The Thinking Process: A Window into Agent Reasoning

The Agent Reasoning section of message 3710 is notably concise — just two sentences:

The build is running. Let me check the end of the output to see if it succeeded. Let me check the end of the build output:

This brevity is itself revealing. The assistant does not elaborate on why checking the end of the output is the right approach, or what it expects to see. It does not consider alternative strategies (e.g., checking the build process's exit code, looking for a specific success message, or verifying that the image exists with docker images). The reasoning is streamlined to the point of being almost reflexive: build was started → check if it finished → look at the output.

This suggests a learned pattern. The assistant has internalized a workflow where long-running commands are followed by output inspection. The reasoning does not weigh alternatives because the path is well-established. In cognitive science terms, this is "compiled" reasoning — a sequence that has been executed enough times that the intermediate steps no longer require explicit deliberation.
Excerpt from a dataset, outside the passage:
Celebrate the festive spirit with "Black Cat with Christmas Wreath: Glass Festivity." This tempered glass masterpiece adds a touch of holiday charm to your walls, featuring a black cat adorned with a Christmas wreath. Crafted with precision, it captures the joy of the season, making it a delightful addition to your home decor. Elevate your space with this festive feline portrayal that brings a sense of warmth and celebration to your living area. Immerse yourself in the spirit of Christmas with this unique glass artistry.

However, the reasoning also reveals a subtle gap. The assistant says "The build is running" in the present tense, but it is checking the end of the output. If the build were truly still running, the end of the output might show an incomplete step or a "waiting" status. The assistant does not account for this possibility. It implicitly assumes that the output it sees is final and complete. This works in this case because the build has indeed completed, but the reasoning does not demonstrate awareness of the distinction between "running" and "completed."

Broader Significance

Message 3710, for all its brevity, illuminates several fundamental aspects of AI-assisted software development:

The synchronous-asynchronous gap. AI agents that operate in synchronous rounds must develop strategies for managing asynchronous external processes. The check-in pattern — initiate, then verify — is a natural adaptation to this constraint. It mirrors how human developers might start a build in one terminal and check on it in another.
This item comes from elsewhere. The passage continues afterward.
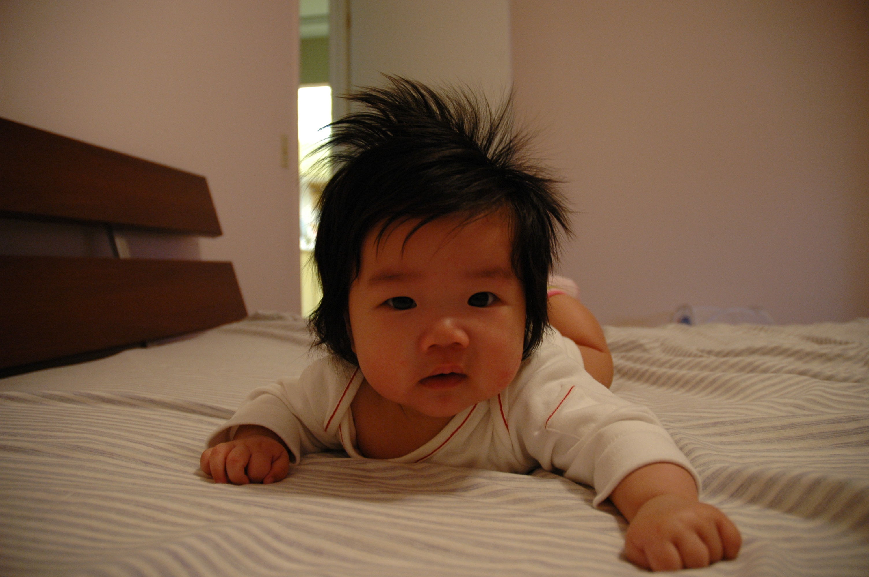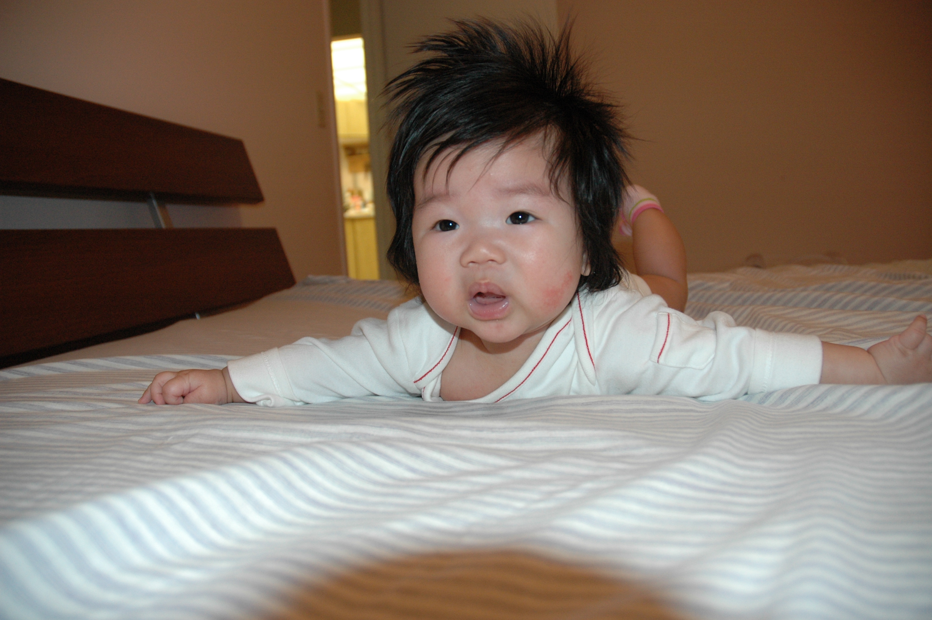 Felicia可以躺成直線, 已經是好幾次Tummy Time練習的成果了.

The reliance on heuristics. Without direct access to process state (exit codes, process tables), the assistant must infer success from log output. This works in practice but introduces fragility. A build that fails silently, or that produces error messages in an unexpected format, could be misclassified.

The importance of output structure. The assistant's ability to verify the build depends entirely on the Docker build output being well-structured and informative. If the build tool changed its output format — for example, if it buffered output or used a different progress indicator — the assistant's heuristic could break.

The value of minimal reasoning. The assistant does not overthink this check. It does not run multiple verification commands or parse the output exhaustively. It reads the last 30 lines, sees clean COPY steps, and moves on. This efficiency is appropriate for a routine verification step in a larger workflow.

Conclusion

Message 3710 is a small but revealing moment in a complex development session. It shows an AI assistant managing the gap between initiating an asynchronous process and confirming its completion, using heuristic output inspection as a proxy for direct process state awareness. The message's brevity masks the sophistication of the underlying workflow: the assistant has internalized a pattern of initiate-verify-proceed that allows it to orchestrate multi-step deployment pipelines despite operating in a synchronous interaction model.

The message also serves as a reminder that even in highly automated development workflows, the humble "check the output" step remains essential. Whether performed by a human reading a terminal or an AI agent tailing a log file, the act of verification is what transforms an action from a guess into a known fact. Message 3710 captures that transformation in progress — a build completing, scripts being copied into place, and an agent preparing to take the next step toward production deployment.